▸ Task instructions:
The reply should contain every entry exactly as given, with no pictures in it.

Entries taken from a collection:
☆ ☆ ☆ ☆ ☆

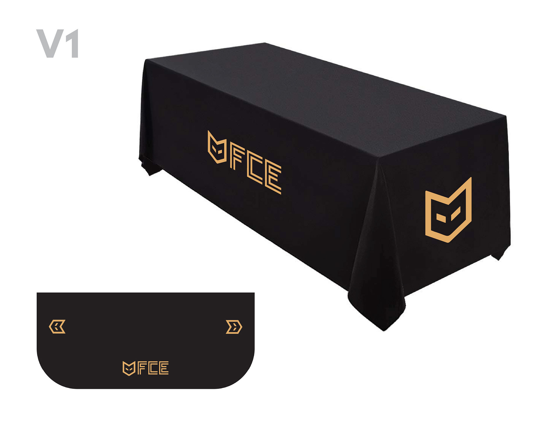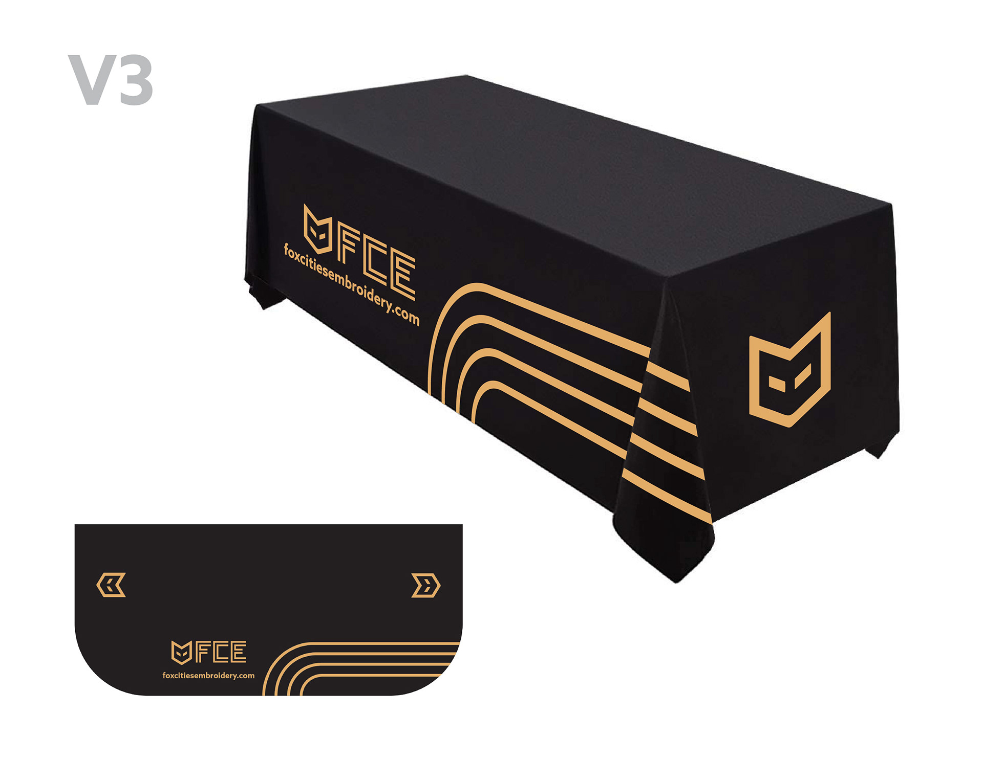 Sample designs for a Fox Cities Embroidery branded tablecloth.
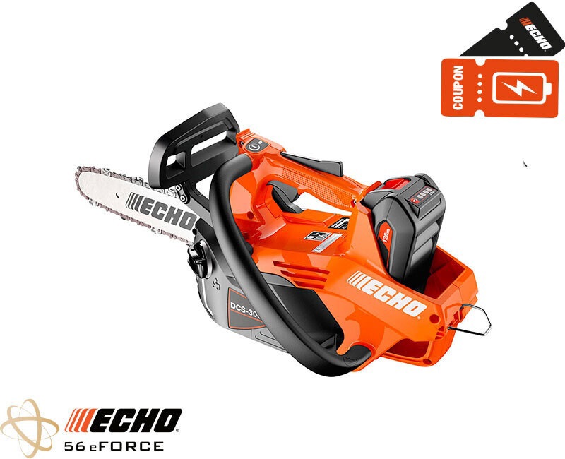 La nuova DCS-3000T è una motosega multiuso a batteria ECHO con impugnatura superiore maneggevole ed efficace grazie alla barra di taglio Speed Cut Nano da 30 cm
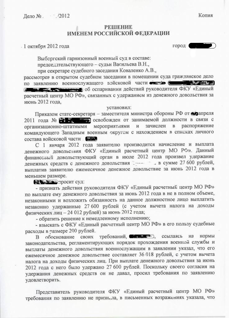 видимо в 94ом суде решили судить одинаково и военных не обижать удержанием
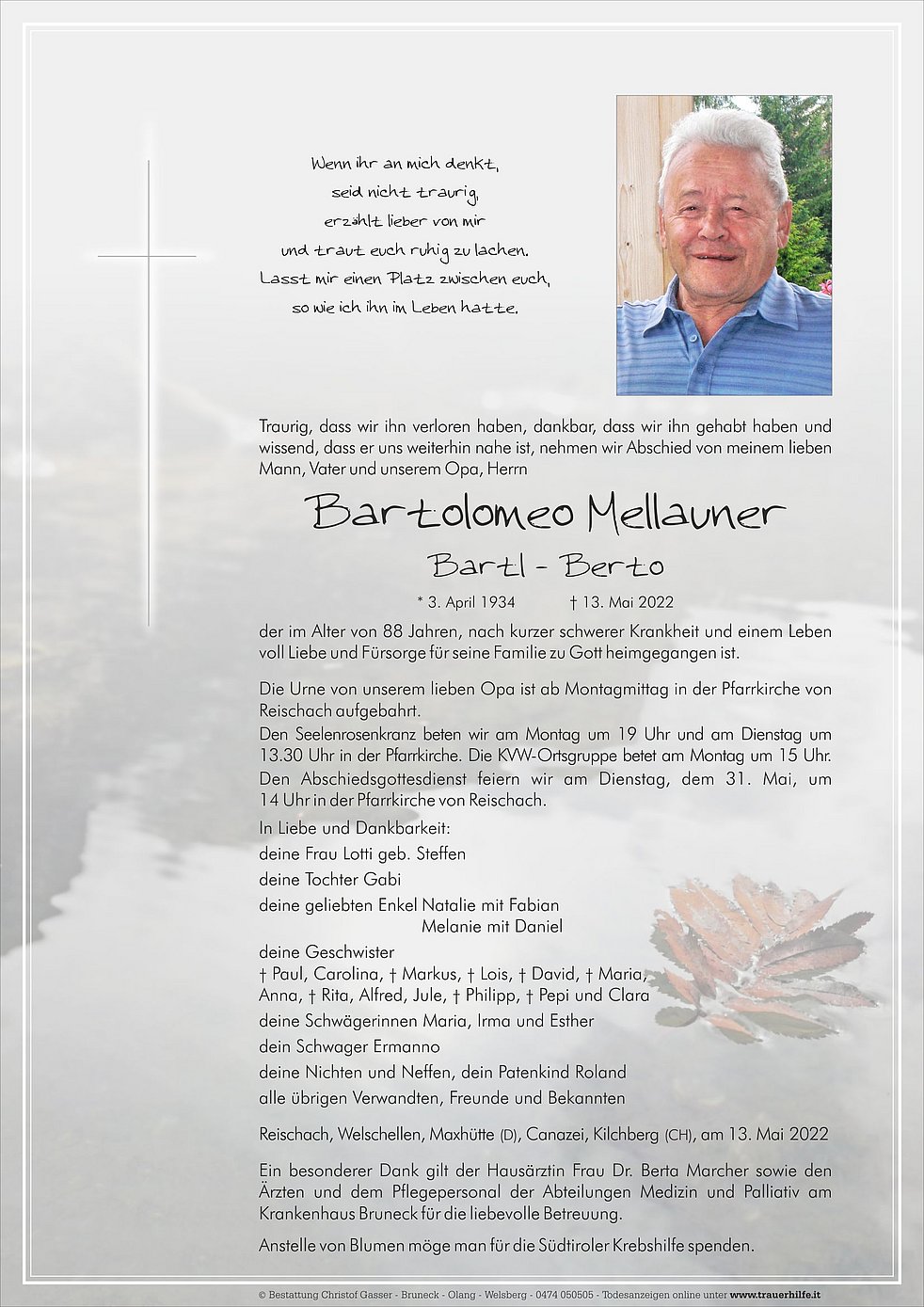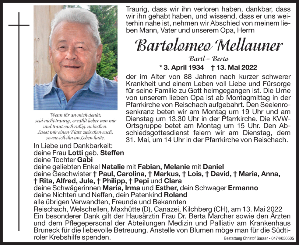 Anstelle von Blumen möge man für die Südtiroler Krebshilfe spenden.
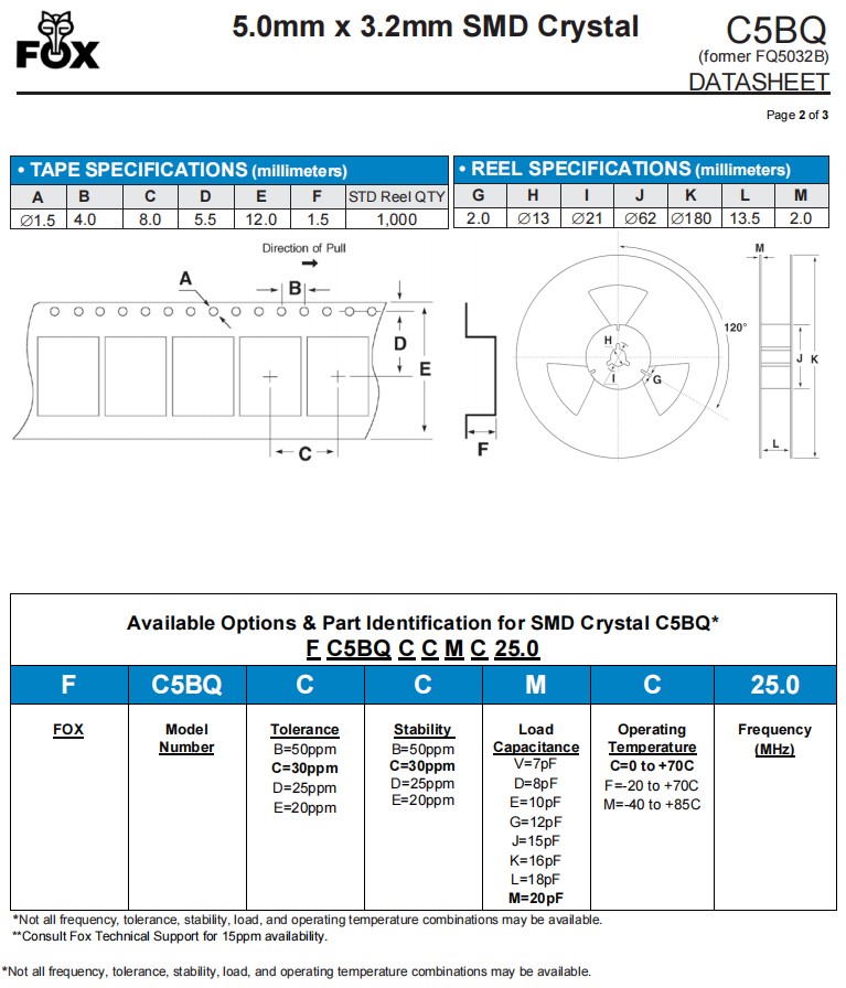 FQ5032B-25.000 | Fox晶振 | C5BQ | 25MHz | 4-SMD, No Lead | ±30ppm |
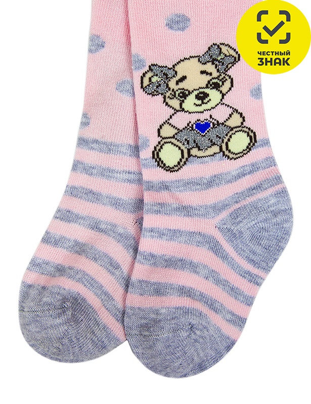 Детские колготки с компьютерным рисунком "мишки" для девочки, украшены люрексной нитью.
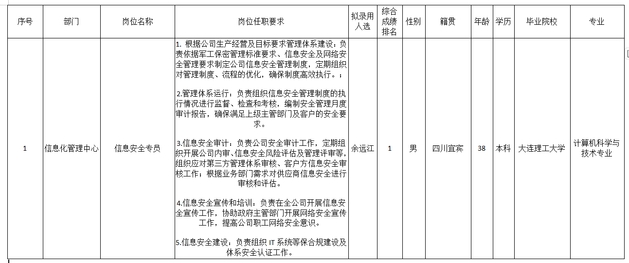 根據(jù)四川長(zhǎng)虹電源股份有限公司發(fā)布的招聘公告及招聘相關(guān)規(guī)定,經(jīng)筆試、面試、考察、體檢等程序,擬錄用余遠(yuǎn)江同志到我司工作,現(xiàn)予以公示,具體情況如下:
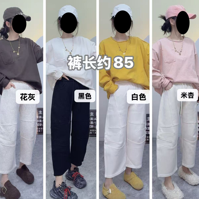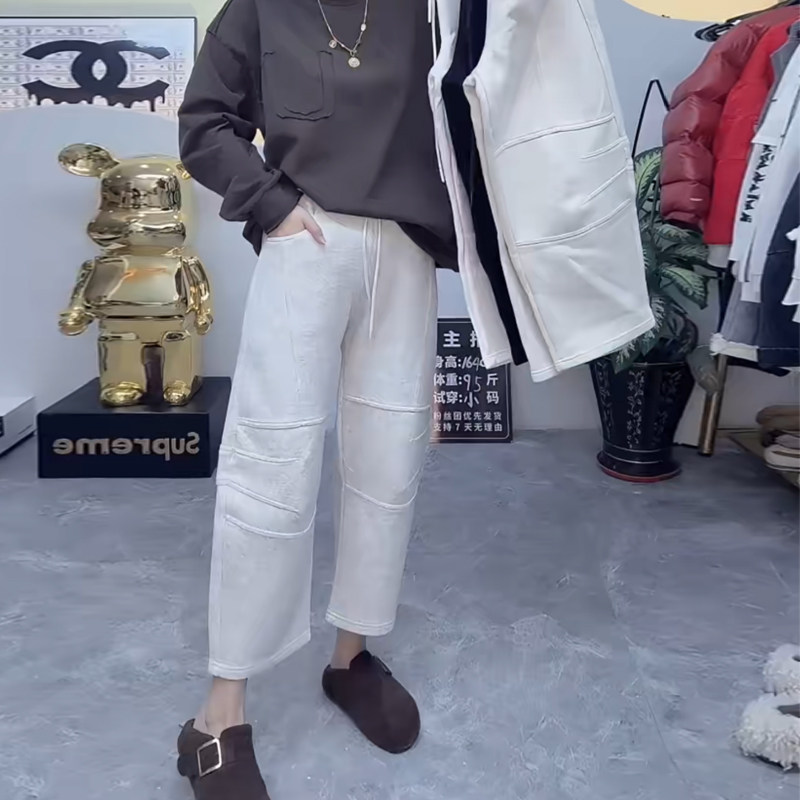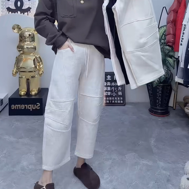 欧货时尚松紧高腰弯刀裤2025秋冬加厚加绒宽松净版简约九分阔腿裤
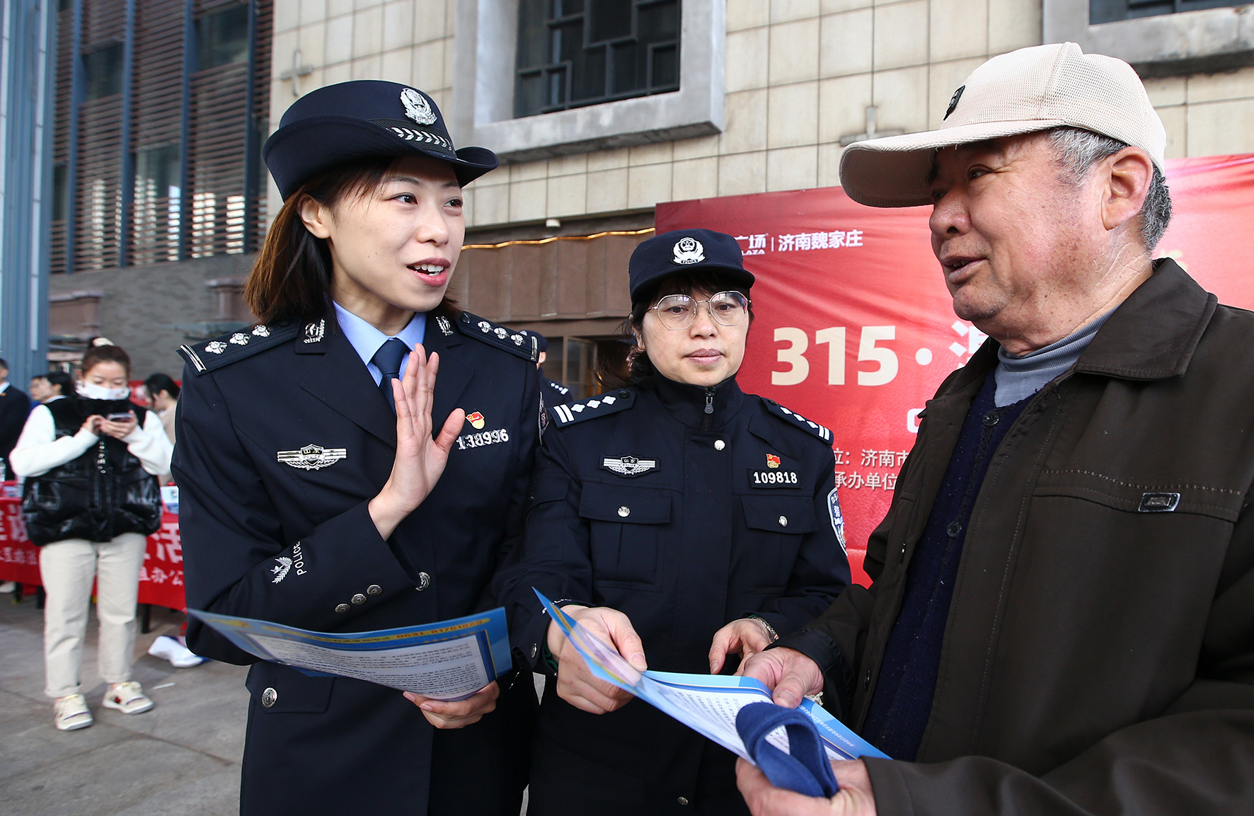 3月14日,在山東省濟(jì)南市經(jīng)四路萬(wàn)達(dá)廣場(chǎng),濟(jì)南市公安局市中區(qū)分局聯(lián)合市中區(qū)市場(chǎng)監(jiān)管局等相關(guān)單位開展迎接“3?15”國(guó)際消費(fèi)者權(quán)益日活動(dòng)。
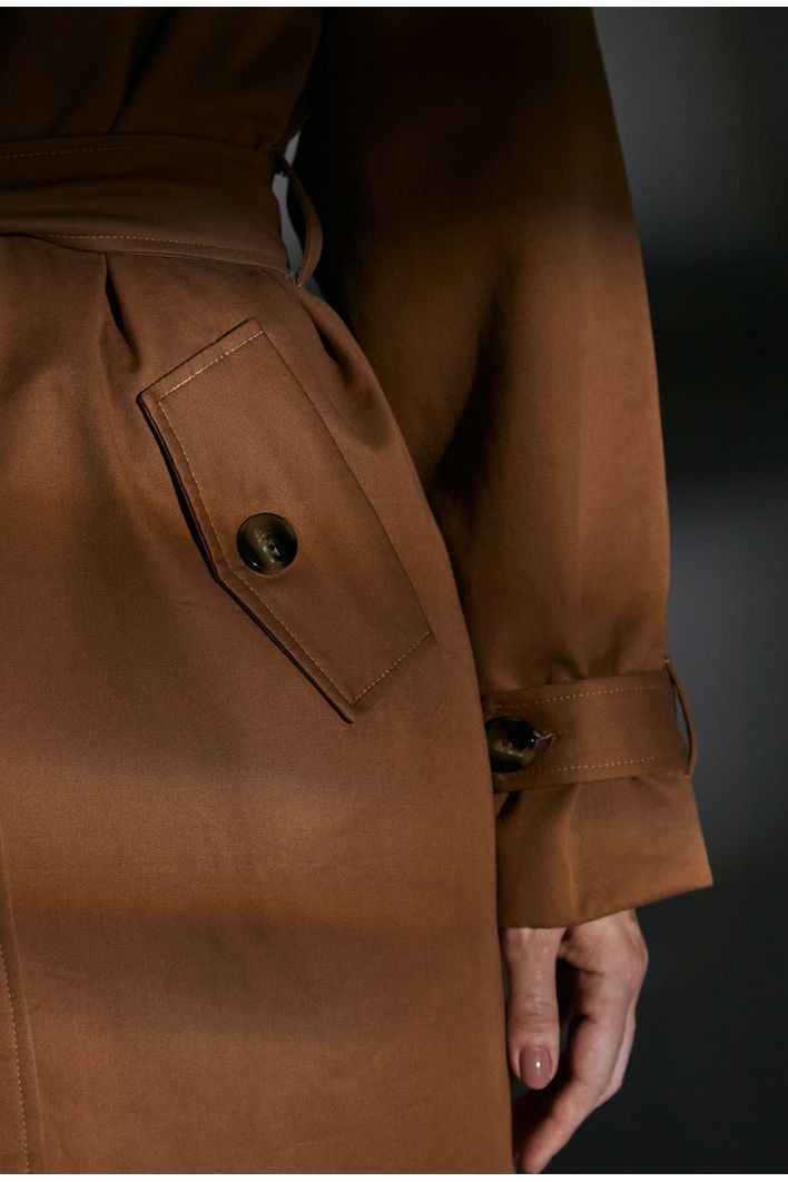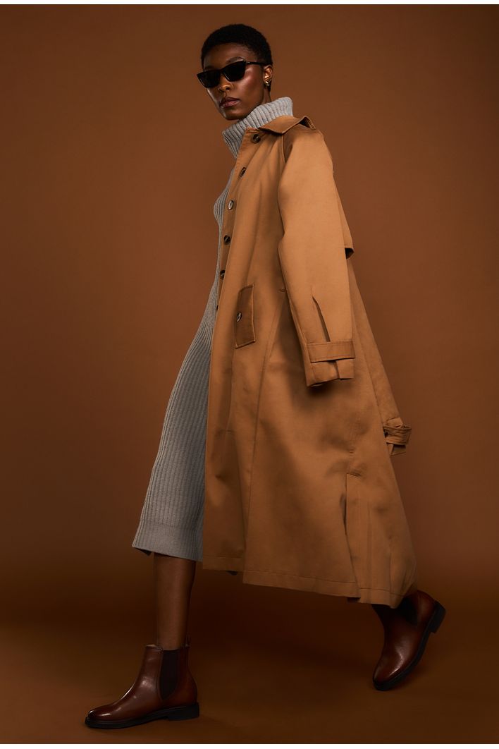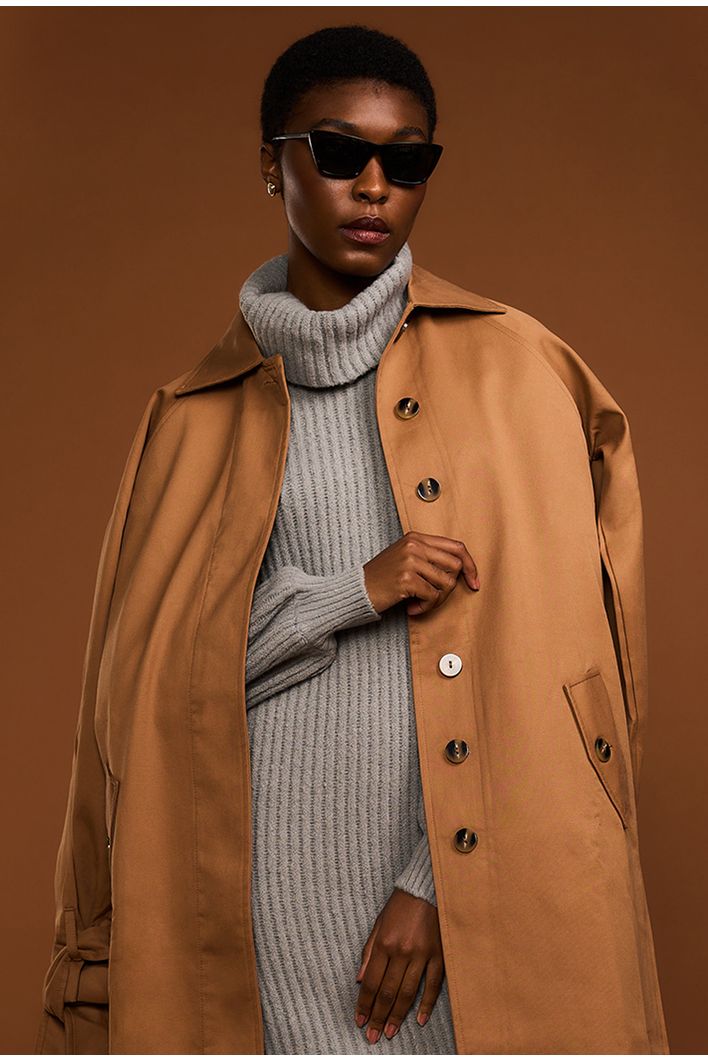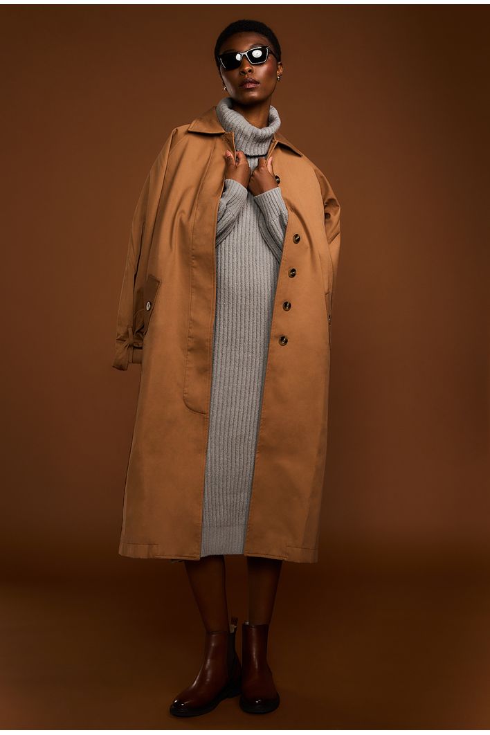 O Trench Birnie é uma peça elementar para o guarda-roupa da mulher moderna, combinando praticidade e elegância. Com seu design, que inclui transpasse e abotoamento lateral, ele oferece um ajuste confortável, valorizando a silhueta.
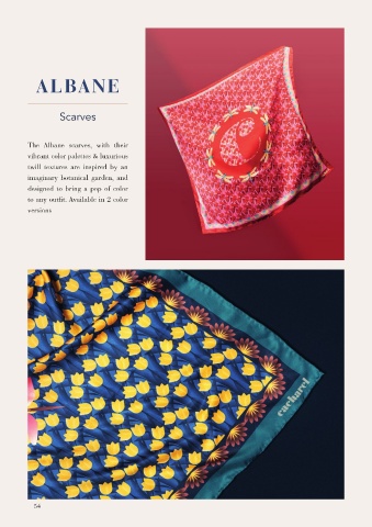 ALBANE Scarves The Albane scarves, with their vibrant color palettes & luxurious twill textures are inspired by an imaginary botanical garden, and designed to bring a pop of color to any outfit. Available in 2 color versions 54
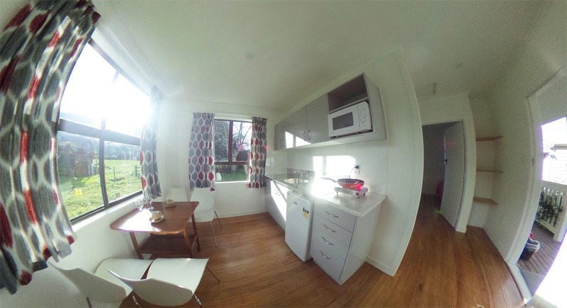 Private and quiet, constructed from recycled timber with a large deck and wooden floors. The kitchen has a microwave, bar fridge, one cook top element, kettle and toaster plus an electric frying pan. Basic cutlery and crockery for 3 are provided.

☆ ☆ ☆ ☆ ☆

▸ Written solution:
 Sample designs for a Fox Cities Embroidery branded tablecloth.
 La nuova DCS-3000T è una motosega multiuso a batteria ECHO con impugnatura superiore maneggevole ed efficace grazie alla barra di taglio Speed Cut Nano da 30 cm
 видимо в 94ом суде решили судить одинаково и военных не обижать удержанием
 Anstelle von Blumen möge man für die Südtiroler Krebshilfe spenden.
 FQ5032B-25.000 | Fox晶振 | C5BQ | 25MHz | 4-SMD, No Lead | ±30ppm |
 Детские колготки с компьютерным рисунком "мишки" для девочки, украшены люрексной нитью.
 根據(jù)四川長(zhǎng)虹電源股份有限公司發(fā)布的招聘公告及招聘相關(guān)規(guī)定,經(jīng)筆試、面試、考察、體檢等程序,擬錄用余遠(yuǎn)江同志到我司工作,現(xiàn)予以公示,具體情況如下:
 欧货时尚松紧高腰弯刀裤2025秋冬加厚加绒宽松净版简约九分阔腿裤
 3月14日,在山東省濟(jì)南市經(jīng)四路萬(wàn)達(dá)廣場(chǎng),濟(jì)南市公安局市中區(qū)分局聯(lián)合市中區(qū)市場(chǎng)監(jiān)管局等相關(guān)單位開展迎接“3?15”國(guó)際消費(fèi)者權(quán)益日活動(dòng)。
 O Trench Birnie é uma peça elementar para o guarda-roupa da mulher moderna, combinando praticidade e elegância. Com seu design, que inclui transpasse e abotoamento lateral, ele oferece um ajuste confortável, valorizando a silhueta.
 ALBANE Scarves The Albane scarves, with their vibrant color palettes & luxurious twill textures are inspired by an imaginary botanical garden, and designed to bring a pop of color to any outfit. Available in 2 color versions 54
 Private and quiet, constructed from recycled timber with a large deck and wooden floors. The kitchen has a microwave, bar fridge, one cook top element, kettle and toaster plus an electric frying pan. Basic cutlery and crockery for 3 are provided.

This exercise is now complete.